Rytis Vaišvila

Personal information
- Born: May 23, 1971 (age 55) Klaipėda, Lithuanian SSR, Soviet Union
- Nationality: Lithuanian
- Listed height: 6 ft 6 in (1.98 m)
- Listed weight: 220 lb (100 kg)

Career information
- Playing career: 1990–2007
- Position: Shooting guard
- Coaching career: 2007–present

Career history

Playing
- 1990–1996: Atletas Kaunas
- 1996–1999: Alita Alytus
- 1999–2000: Teamware Topo Helsinki
- 2000–2002: Ural Great
- 2002–2004: Szolnoki Olaj
- 2004: BK Skonto
- 2004–2005: SPU Nitra
- 2005–2007: Kecskemét
- 2007: Puntukas Anykščiai

Coaching
- 2007–2008: Nafta-Uni-Laivitė Klaipėda
- 2008–2009: Neptūnas Klaipėda
- 2009–2010: Qianjiang Tan Tan
- 2010: Neptūnas Klaipėda
- 2012: Gargždų Bremena-Gargždai
- 2012–2013: Juventus Utena
- 2013–2017: Nafta-Uni-Akvaservis Klaipėda
- 2017–2019: Sūduva
- 2019-2023: BC Telšiai
- 2023-2024: Klaipėdos Neptūnas-Akvaservis
- 2024-2025: BC Šilutė

= Rytis Vaišvila =

Lithuanian basketball player and coach (born 1971)

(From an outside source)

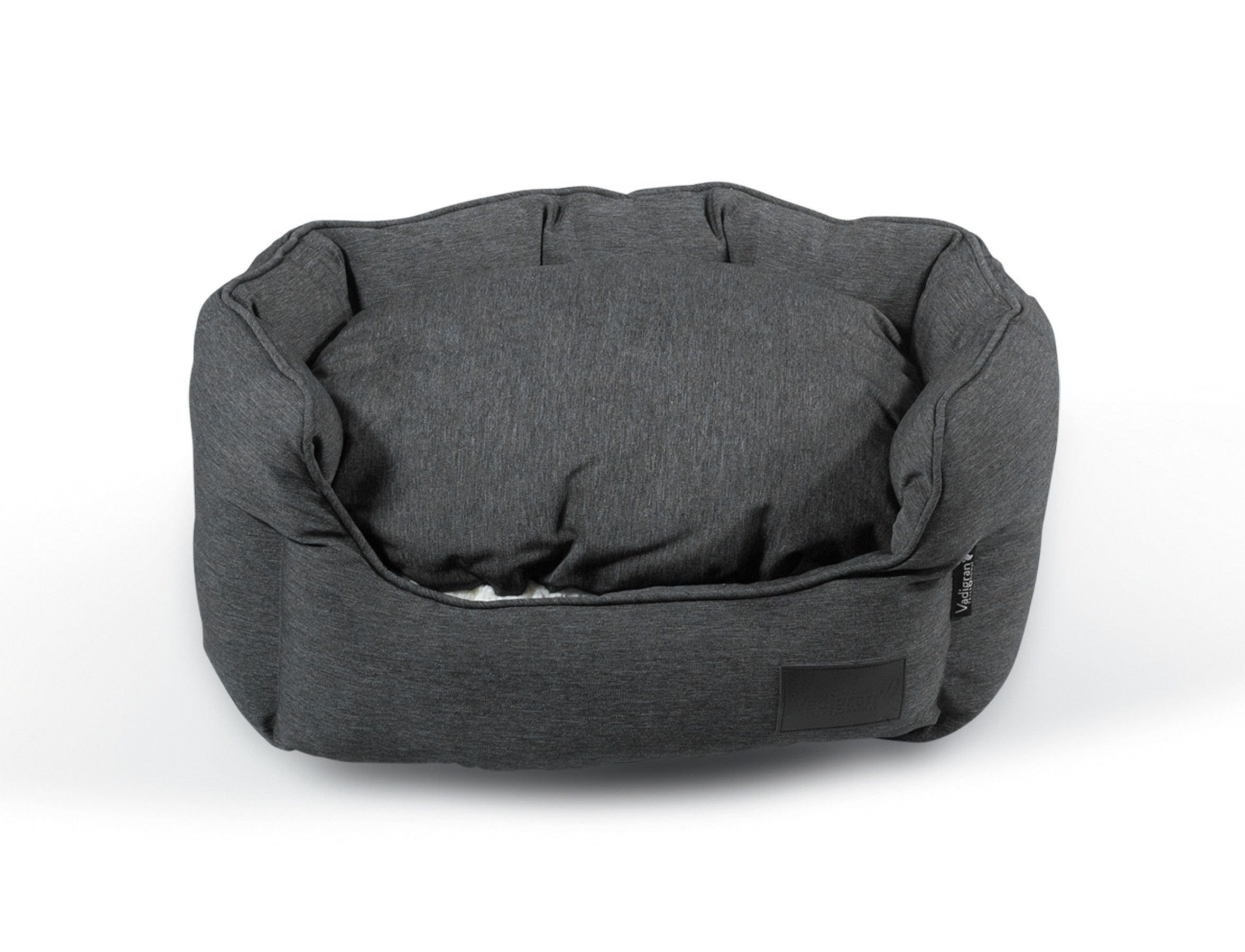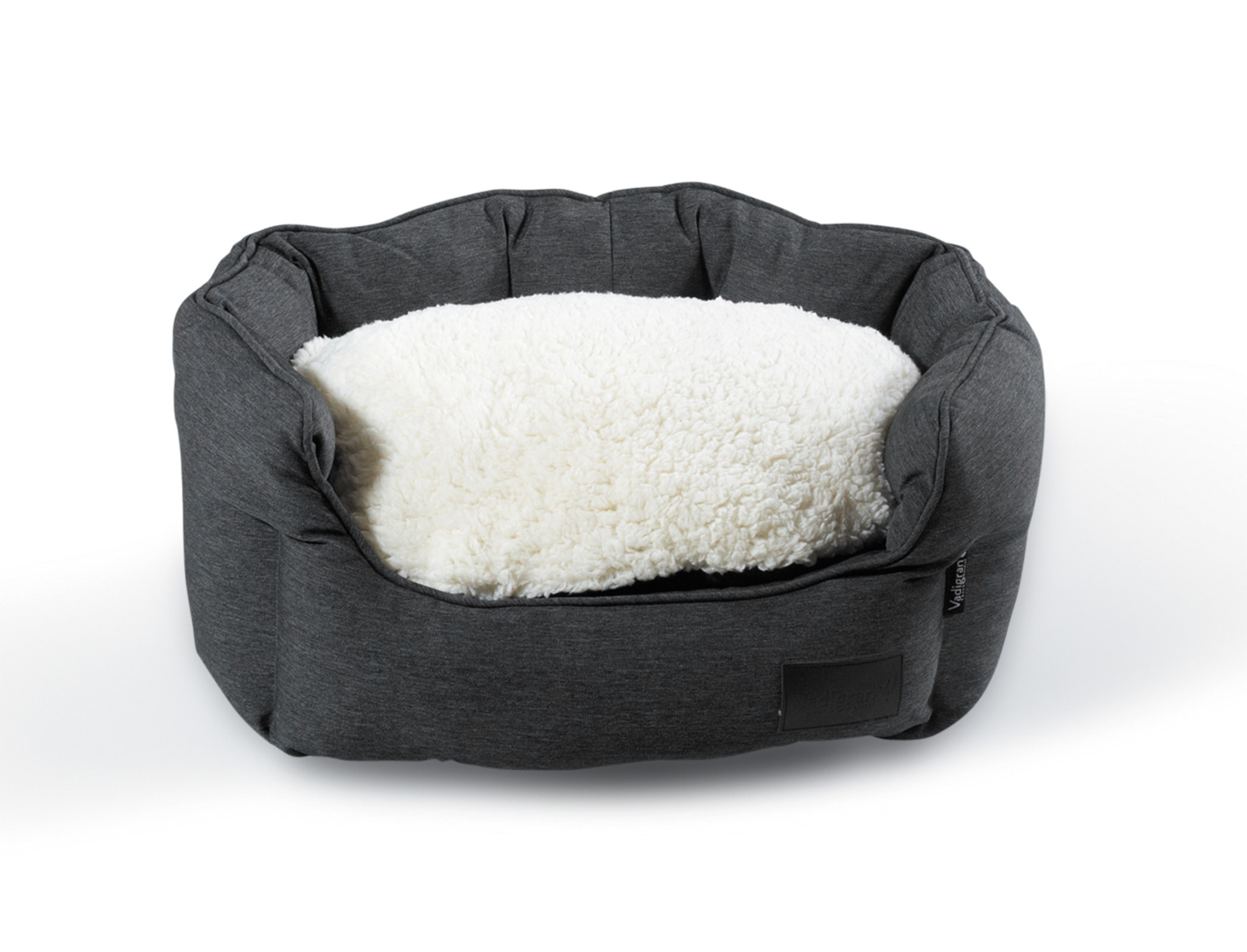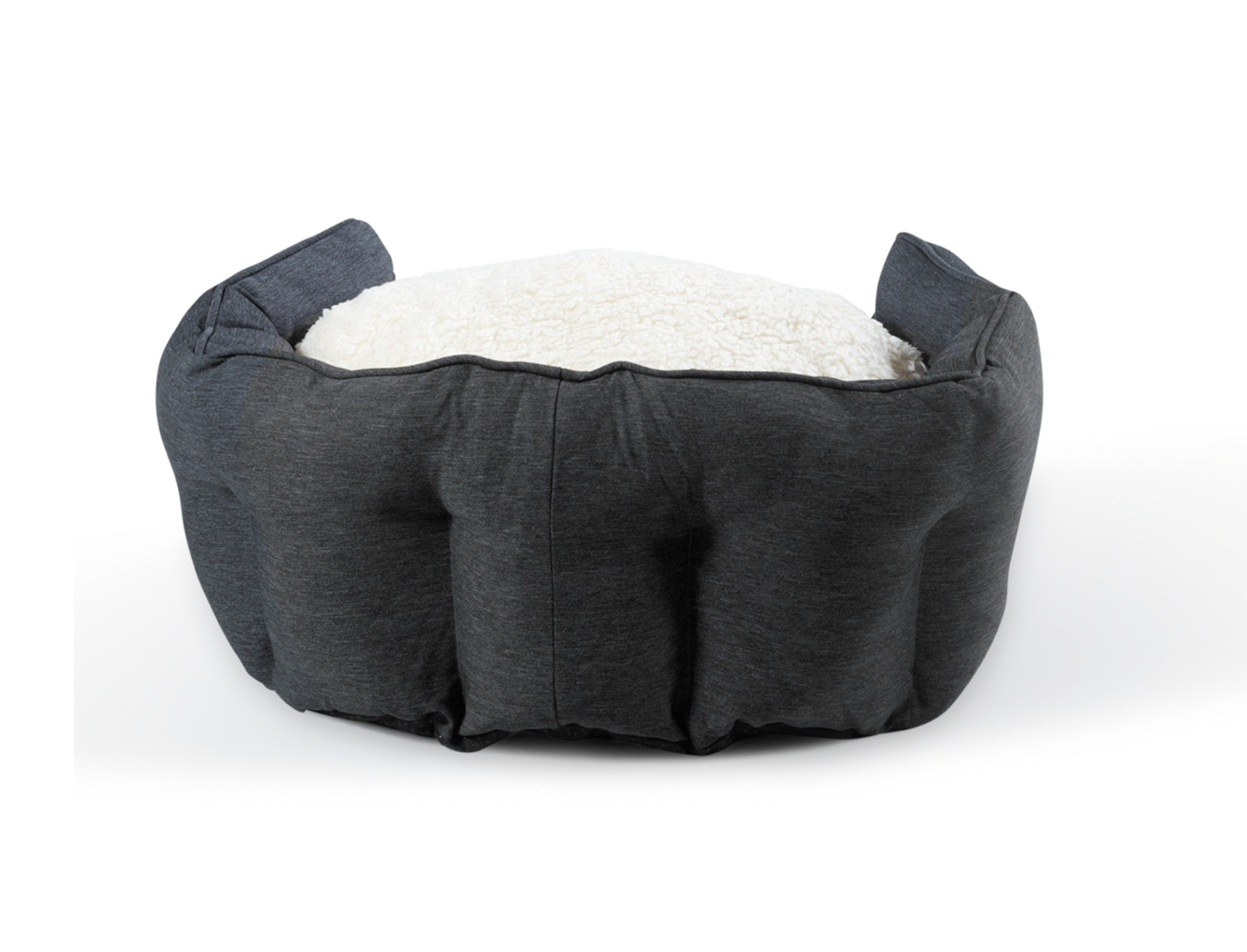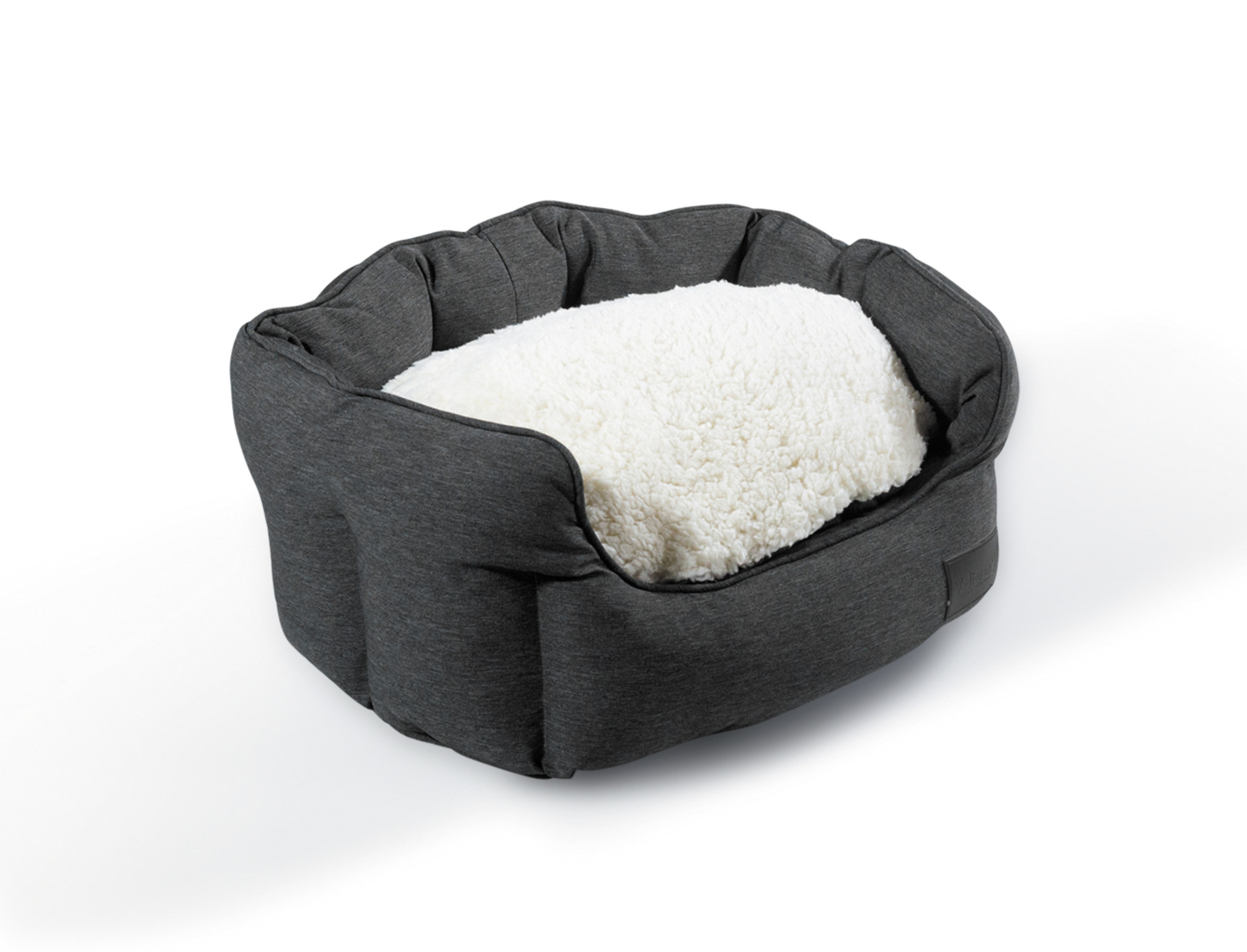 De mand is bekleed met een volledig verwijderbaar kussen, met op elke zijde een stof in een andere kleur en materiaal: een zachte witte fleece aan de ene kant en een robuuste en vuilafstotende antraciet stof aan de andere kant.

Rytis Vaišvila (born May 23, 1971) is a retired Lithuanian basketball player and current coach. He last worked as head coach of BC Šilutė.

==National team career==
Vaišvila was a member of the Lithuanian national team which won bronze medals at the 1996 Olympic Games.